2020: The year wireless got connected
While 2020 is likely to be remembered for a host of other reasons, this year has seen a surge in interest in all things wireless, and could mean an end to the digital divide for the more remote internet users around the world.
Satellite technology has seen a giant leap forward, much to the chagrin of the astronomy community, with the launch of dozens of small broadband satellites by Elon Musk, soon to be joined by a similar fleet owned by Amazon founder Jeff Bezos, not to mention the ever popular whacky racers' offering.
We can expect competition to presumably bring down prices and offer a competitive alternative to the services seen today but at the cost of a clean night sky with little visible evidence of our existence.
But equally here on Planet Earth we have a surge in 5G deployments that hopefully are going ahead despite the noise from the conspiracy theorists, who seem to have calmed down somewhat of late. With both Spark and Vodafone steadily increasing their footprints (Vodafone is now offering the first 5G roaming capability which will be useful should we ever be allowed out again) and 2Degrees weighing up its options having hired a former Vodafone and Apple executive, the market is heating up.
And now both Android and Apple have 5G-capable devices on board, we can expect to see more users, more services and more demand for capacity than ever before.

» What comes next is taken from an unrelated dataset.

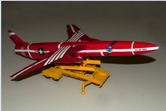
Northrop SM-62 SNARK 1/48 th Scale Lindburg reissue (J Lloyd International) This is a BIG missile! Most of the work is spent on the launching platform.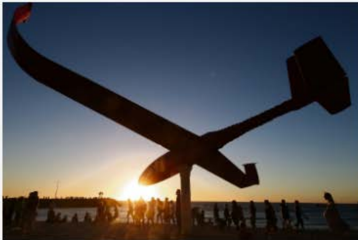
Final Approach by Geoff Overheu in collaboration with the Beverley Soaring Society (WA).

But of course the real selling point in 5G isn't the faster cat videos beamed to your mobile phone or tablet - it's the real-time, low-latency capability delivered to industrial products and services and that's a market that has yet to really burst into life.
While faster video is always welcome to the end user, the load/launch time for the same video from the same server delivered over 5G won't be dramatically different an experience to one delivered over 4G, so we can expect to see plenty of "what's the point?" commentary.
The real benefit of 5G is the support for thousands of users versus 4G's hundreds of users for the same amount of spectrum and spend, and of course its extremely low latency. That will be of particular interest to fixed-wireless providers in rural and remote areas as real-time services require high speed and low latency.
Sadly for those users who pin their hopes on satellite, latency will be an issue. Bouncing a signal up to a satellite, down to an earth station, up to the satellite and down to the user is going to be significant in terms of lag, so for gamers or those using secure services that require constant reassurance, the increased offerings won't necessarily translate to increased capability.